The ECMA standard must be approved by the International Standards Organization before the state government could officially declare it as a standard that can be used to ensure that state documents are permanently preserved.
ISO approval, however, can take a long time and it isn't guaranteed -- at least not the same way that ECMA's endorsement was a foregone conclusion from the time the format was first submitted.
"What happens next is that ECMA will submit Office Open XML for a much more complex approval process that will take from nine months to a year (at least)," said Andrew Updegrove, an attorney specializing in international standards, in his blog.
The Initiative for Software Choice, a trade association, hailed the ECMA approval. "There is no downside here," said Melanie Wyne, ISC executive director, in a statement.

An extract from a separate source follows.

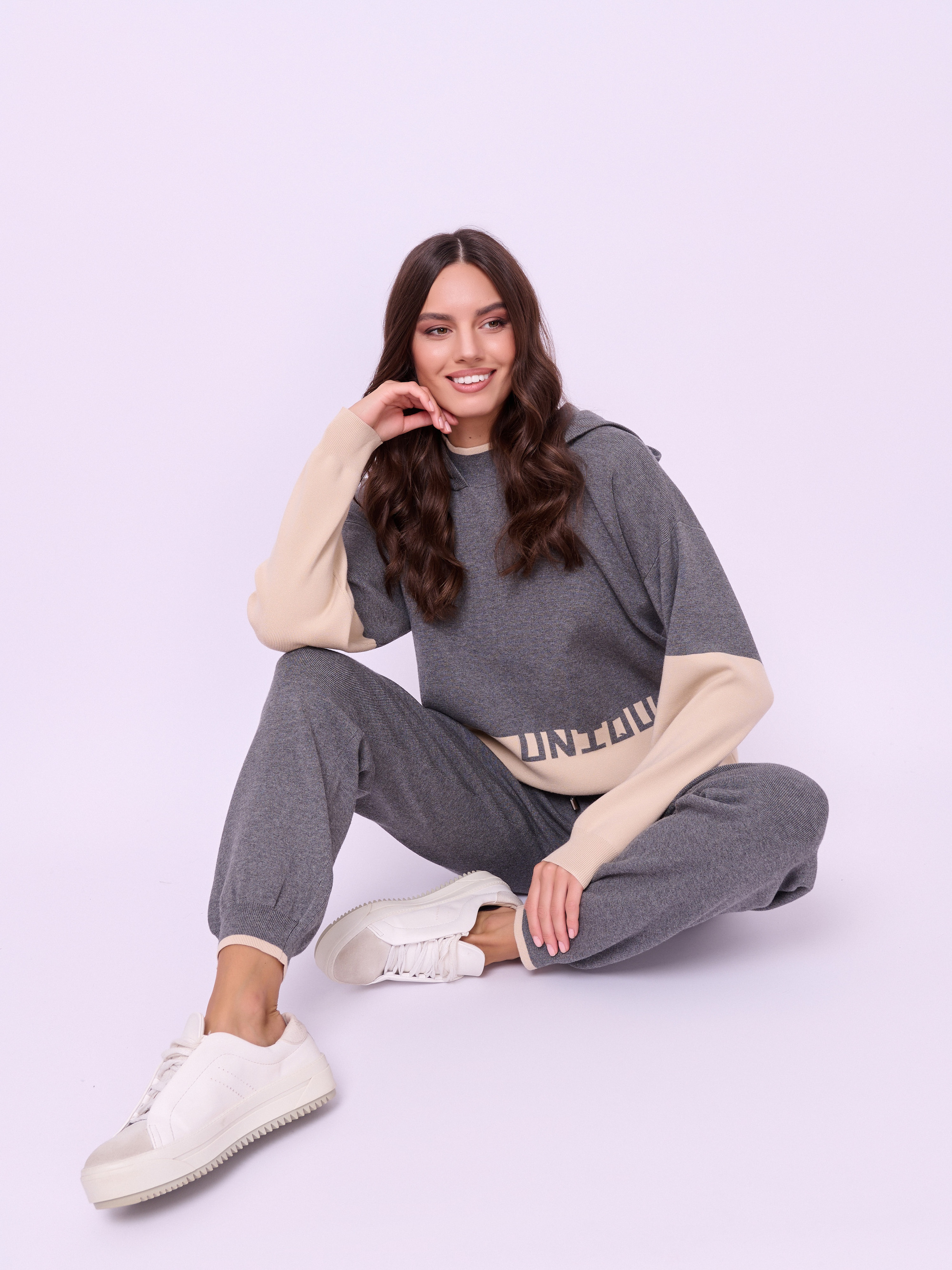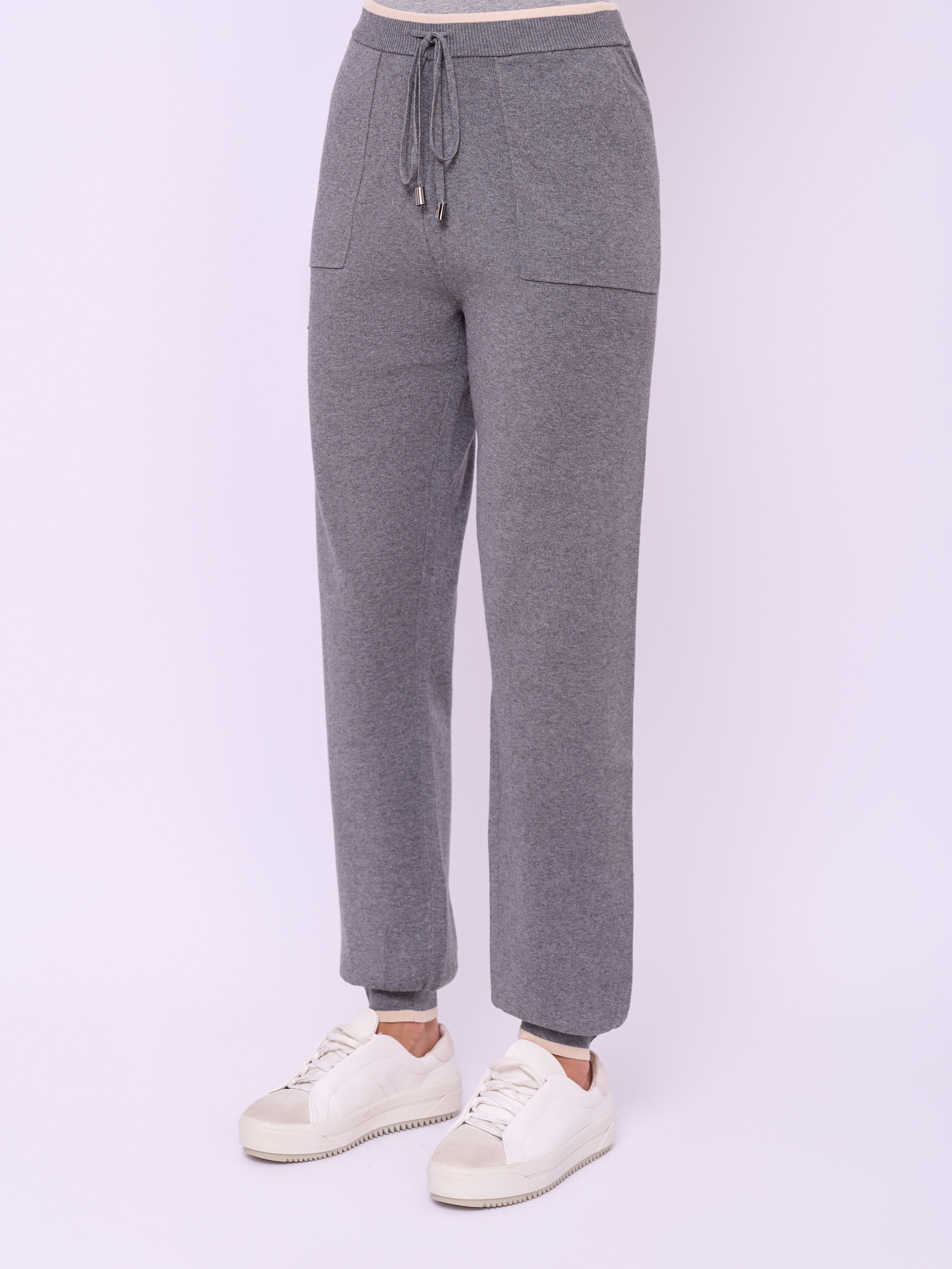 Детали: без застежки, пояс на резинке и кулиске, без рисунка, карманы косые, крой брючин зауженный, посадка средняя. Длина брючин: 80 см.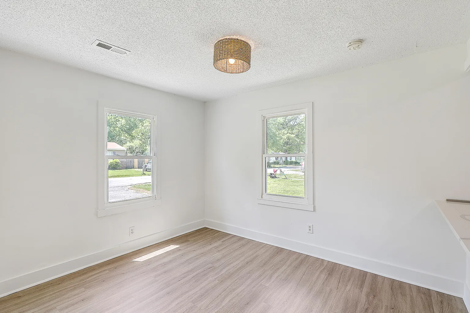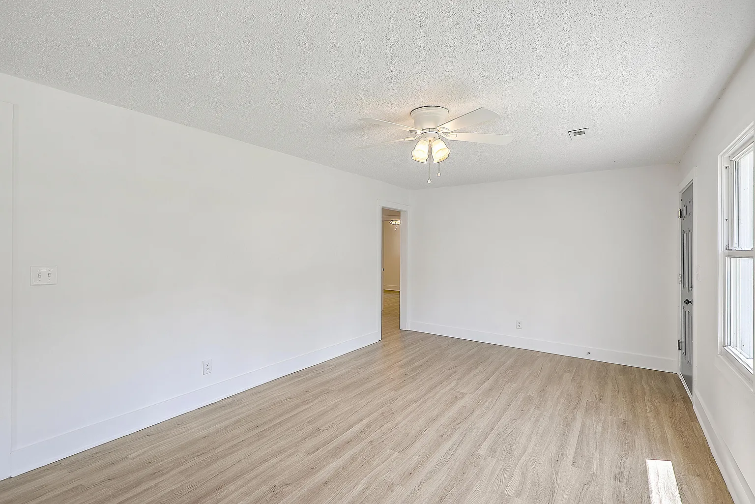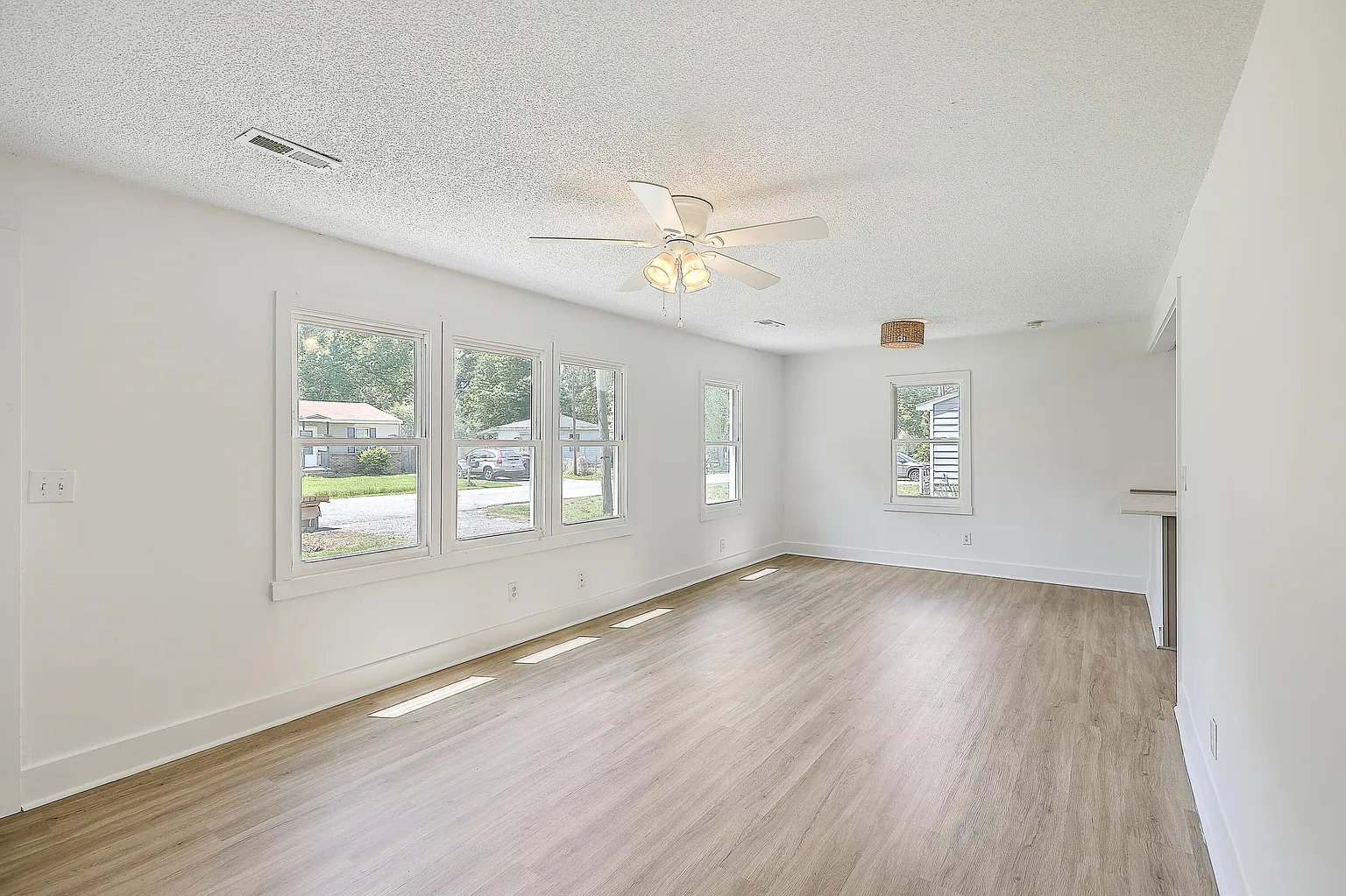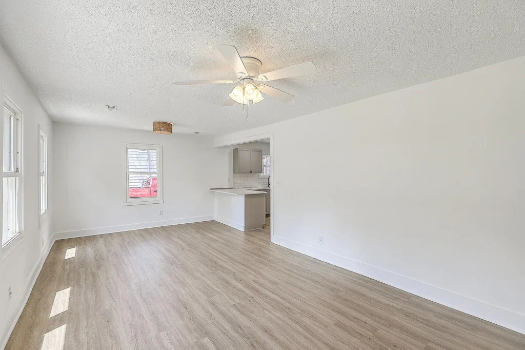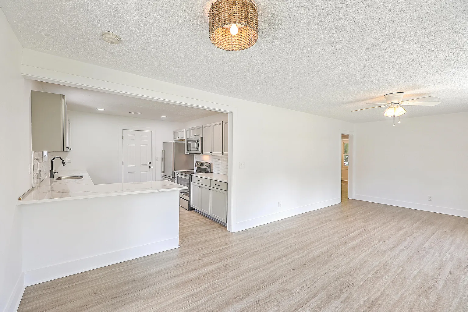 This project involved a complete home renovation that transformed the entire living space with a cohesive design approach emphasizing light, openness, and modern comfort. The renovation featured a comprehensive open-concept layout that seamlessly connects the kitchen, dining, and living areas through consistent design elements and materials. Fresh white walls throughout create a bright, airy atmosphere while luxury vinyl plank flooring in warm gray tones provides durability and visual continuity across all spaces. The kitchen showcases light gray shaker-style cabinetry with white quartz countertops and white subway tile backsplash, complemented by stainless steel appliances for a clean, contemporary aesthetic. Multiple rooms benefit from abundant natural light through strategically placed windows, while ceiling fans and woven pendant lighting provide both functionality and style. The design incorporates a sophisticated color palette anchored by a distinctive gray front door that adds character and curb appeal. Each room maintains individual identity while contributing to the overall flow, with generous proportions and clean lines that maximize the sense of space. The renovation successfully balances practical living needs with modern design sensibilities, creating a home that feels both comfortable for daily use and polished for entertaining, while the neutral foundation provides endless possibilities for personalization through furnishings and decor.

"ECMA's action enhances document manipulation, interoperability, and archival storage for public and private institutions. The ECMA process also represents an important step toward expedited ratification by ISO, which will give governments and enterprises added assurance that Office Open XML meets the rigors of the evolving technological marketplace -- especially as it pertains to interoperability of documents between competing products," Wyne said.
The current flap over XML formats began several months ago when the then Massachusetts ITD director, Peter Quinn, led the effort to establish ODF as the state's formal standard. Microsoft, which maintained that the ODF measure would unfairly exclude it from key parts of the state's software business, countered with its own format standards proposal to the ECMA.
The overall upshot, says Sam Hiser, VP and director of business affairs at the Open Document Foundation, will be that IT organizations -- both governmental and business -- will eventually see more competition among software vendors.
"If one day we have two ISO standards that do roughly the same things, then the marketplace will decide between basically a very expensive solution set where most of the costs are hidden and a relatively inexpensive set which will have much more confidence associated with users' access," he says.
In addition to the ODF standard, already approved by the ISO, and Microsoft's Office Open XML format, various software translators and plug-ins are being developed that should spur interoperability among various software elements, Hiser notes. He cites the ODF Foundation's developing Plug-in for MS Office as well as a translator being created by French company Clever Age with Novell. Sun Microsystems, too, is developing a translator.